What are the roots of $$f(x) = x^a - a^x$$ for real $a > 0$?
if we let b = a^(1/a). x = b^^ [use mathematica for tetration]
or using the basic operators,
x = b^(b^(b^...))...)
for a > e, this solves for the non-simple root < a
but for a < e it solves for x = a
i am looking for a similar solution for a < e
On
This is not a complete answer, but an example showing that two (in some circumstances exact) solutions do actually exist.
Let $a := 2$. Then $$ \begin{array}{rcrcl} x := 2 &\Rightarrow& x^2 =& 4 &= 2^x, \\ x := 4 &\Rightarrow& x^2 =& 16 &= 2^x. \tag{*} \end{array} $$
Let $a := 4$. Then $$ \begin{array}{rcrcl} x := 2 &\Rightarrow& x^4 =& 16 &= 4^x, \tag{*} \\ x := 4 &\Rightarrow& x^4 =& 256 &= 4^x. \end{array} $$
The solutions (*) arise from the symmetry in the equation.
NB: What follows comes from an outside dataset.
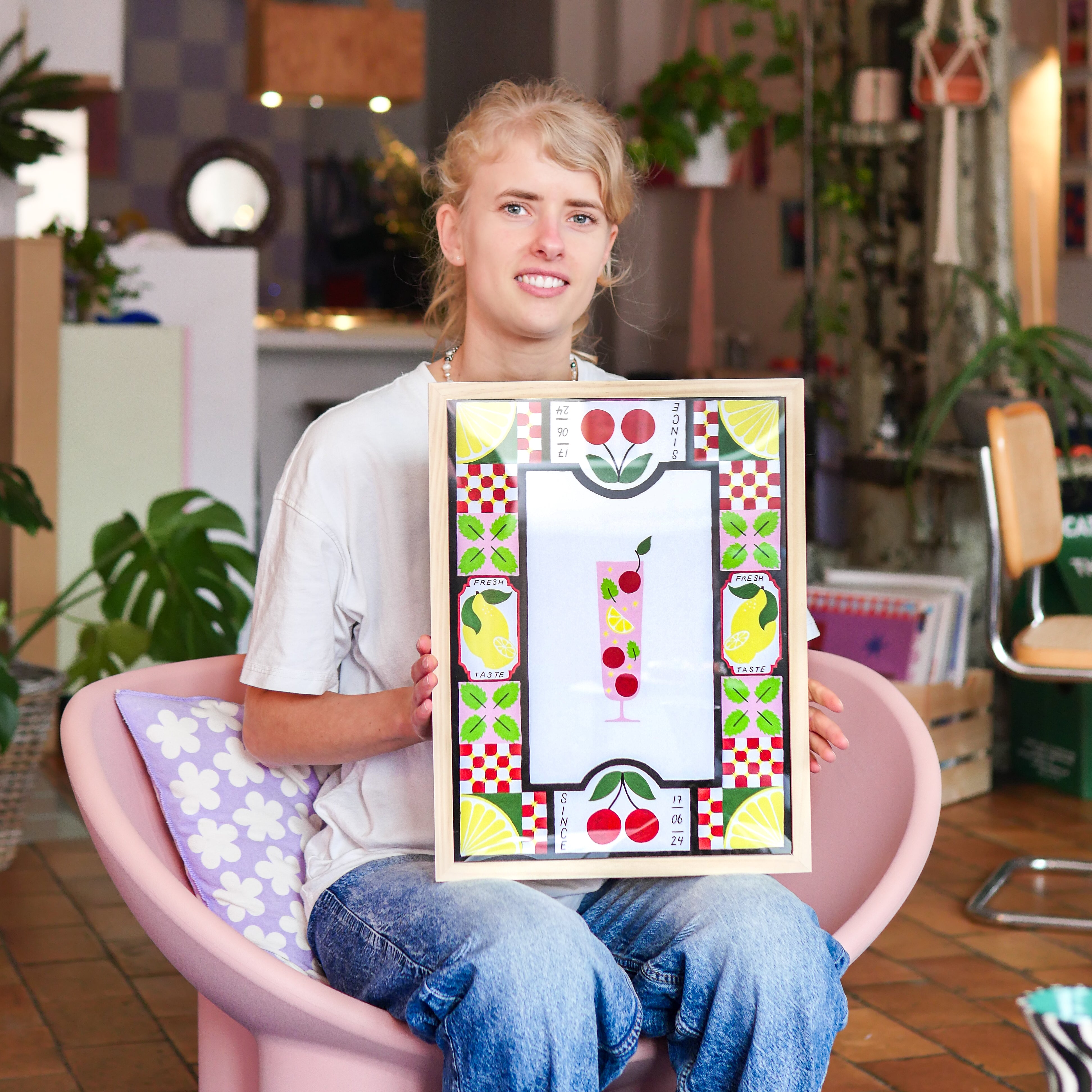 This playful print captures the magic of a glowing summer sunset with a tall glass of fizzy cherry lemonade sparkling in the light. Inspired by vintage jar labels, it mixes classic fruit-and-text styles with a modern pop of color. Bright cherry red shines alongside pink, green, and yellow hues, centered around a bubbly drink filled with cherries, lemon slices, and fresh mint. Perfect for adding a cheerful splash to kitchens, dining rooms, or any space craving a fun, refreshing vibe—some even love it in the bathroom!

I conjecture that, if more such examples exist, powers of $2$ might play a role.
For $a\neq 1$ $x^a=a^x$ is equivalent to $$x=a^{\frac{x}{a}}\\ xa^{-\frac{x}{a}}=1\\ xe^{-\frac{\ln a}{a}\cdot x}=1\\ (-\frac{\ln a}{a}\cdot x)e^{-\frac{\ln a}{a}\cdot x}=-\frac{\ln a}{a}\\ -\frac{\ln a}{a}\cdot x=W(-\frac{\ln a}{a})\\ x=-\frac{aW(-\frac{\ln a}{a})}{\ln a}$$ using Lambert W function. Note that this function is actually multivalued for negative arguments, so it includes both the trivial solution $x=a$ and the other, nontrivial one. One shouldn't expect to be able to solve for $x$ using only elementary functions.